Institute of Biomineralization and Lithiasis Research, College of Chemistry and Materials Science, Jinan University, Guangzhou 510632, China.
Biomater Sci. 2023 May 16;11(10):3524-3546. doi: 10.1039/d3bm00087g.
: The first objective is to study the synergistic inhibition of calcium oxalate (CaOx) formation by polysaccharides (DLP and SDLP, before and after sulfation) and potassium citrate (Kcit) and determine the synergistic protection of renal epithelial cells (HK-2 cells) caused by CaOx crystal damage.

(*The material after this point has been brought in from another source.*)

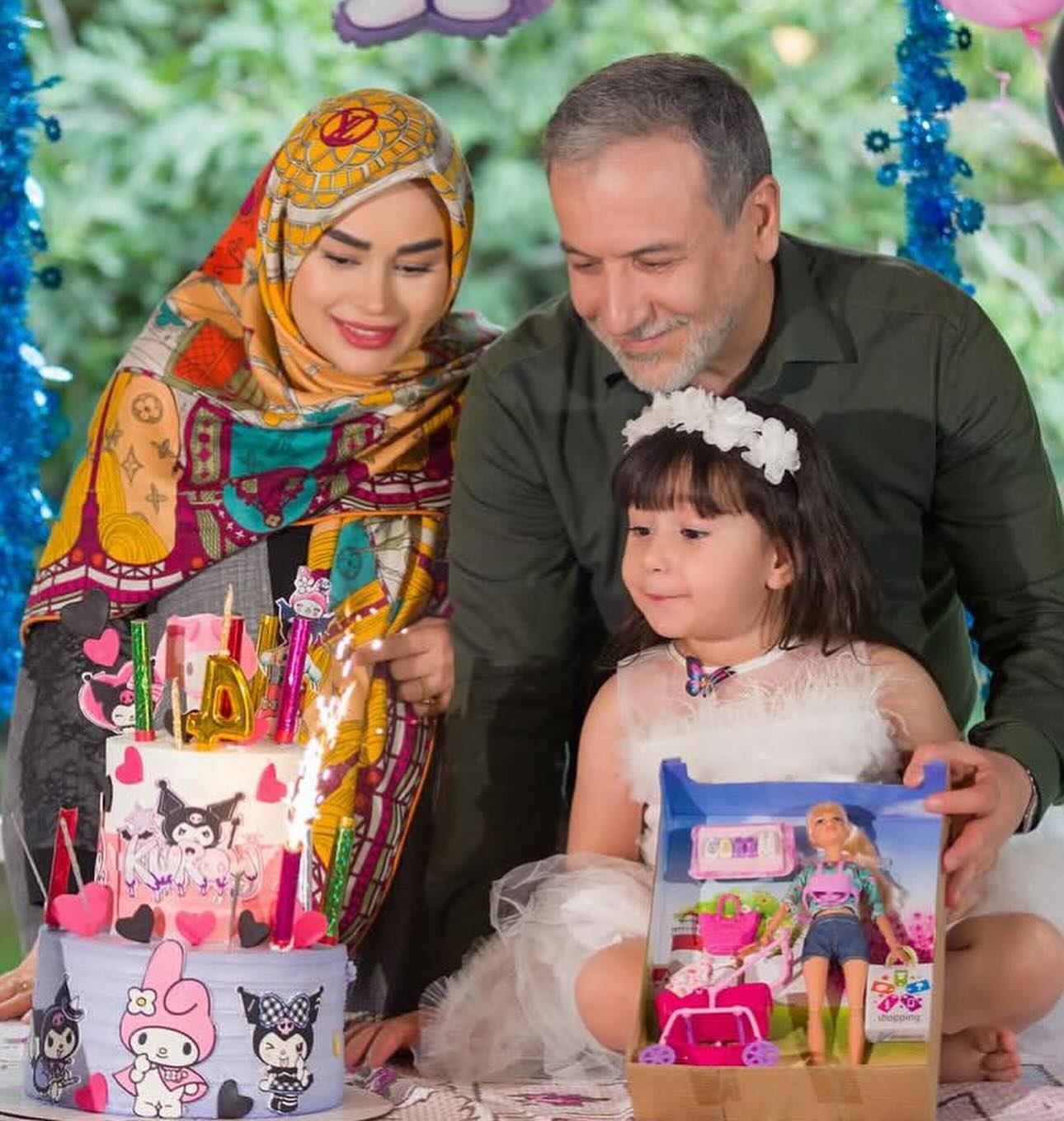 در این تصویر، کادوی عراقچی به دخترش یک عروسک باربی است و کیک تولد سوگل نیز با تم شخصیت کارتونی «کرومی» طراحی شده است.

The second objective is to explore new ways to prevent and treat kidney stones. : The CaOx crystals regulated by five additives (Kcit group, DLP group, SDLP group, DLP-Kcit synergistic group and SDLP-Kcit synergistic group) were characterized by FT-IR, XRD, SEM, zeta potential, ICP, and TGA. The protective effect of each additive group on HK-2 cells damaged by nano-calcium oxalate monohydrate (nano-COM) was compared by detecting cell viability, the cell reactive oxygen species level, the cell survival rate, and mitochondrial membrane potential. : When DLP or SDLP acted synergically with Kcit, the synergistic group induced the same amount of COD at a lower concentration or more COD formation at the same concentration, highlighting the synergistic enhancement effect of 1 + 1 > 2. At 0.3 g L, the COD contents induced by DLP, SDLP, Kcit, DLP-Kcit, and SDLP-Kcit synergistic groups were 20.3%, 75.8%, 75.4%, 87.3%, and 100%, respectively. The synergistic group increased the concentration of soluble Ca ions in the supernatant, increased the absolute value of the zeta potential on the surface of CaOx crystals, and inhibited the aggregation among the crystals. TGA and DTG analyses established the adsorption of polysaccharides in the crystals. Cell experiments showed the ability of the synergistic group to significantly inhibit the damage of nano-COM crystals on HK-2 cells, reduce the level of reactive oxygen species and mortality, and improve cell viability and the mitochondrial membrane potential. : The synergistic group can more effectively induce COD formation and cell protection than the standalone polysaccharide group or Kcit group. The synergistic groups, especially SDLP-Kcit, may be a potential drug for inhibiting the formation of CaOx kidney stones.
: 目的 1:研究多糖(DLP 和 SDLP,硫酸化前后)和柠檬酸钾(Kcit)对草酸钙(CaOx)形成的协同抑制作用,并确定 CaOx 晶体损伤对肾上皮细胞(HK-2 细胞)的协同保护作用。目的 2:探索防治肾结石的新方法。: 用傅里叶变换红外光谱(FT-IR)、X 射线衍射(XRD)、扫描电子显微镜(SEM)、Zeta 电位、电感耦合等离子体(ICP)和热重分析(TGA)对五种添加剂(Kcit 组、DLP 组、SDLP 组、DLP-Kcit 协同组和 SDLP-Kcit 协同组)调控的 CaOx 晶体进行了表征。通过检测细胞活力、细胞活性氧水平、细胞存活率和线粒体膜电位,比较了各添加剂组对纳米草酸钙单水合物(nano-COM)损伤的 HK-2 细胞的保护作用。: 当 DLP 或 SDLP 与 Kcit 协同作用时,协同组在较低浓度下诱导相同量的 COD,或在相同浓度下诱导更多的 COD 形成,突出了 1+1>2 的协同增强效应。在 0.3 g·L-1 时,DLP、SDLP、Kcit、DLP-Kcit 和 SDLP-Kcit 协同组诱导的 COD 含量分别为 20.3%、75.8%、75.4%、87.3%和 100%。协同组增加了上清液中可溶性 Ca 离子的浓度,增加了 CaOx 晶体表面 Zeta 电位的绝对值,并抑制了晶体之间的聚集。TGA 和 DTG 分析确立了多糖在晶体中的吸附。细胞实验表明,协同组能显著抑制 nano-COM 晶体对 HK-2 细胞的损伤,降低活性氧水平和死亡率,提高细胞活力和线粒体膜电位。: 与独立多糖组或 Kcit 组相比,协同组能更有效地诱导 COD 形成和细胞保护。协同组,尤其是 SDLP-Kcit,可能是一种抑制 CaOx 肾结石形成的潜在药物。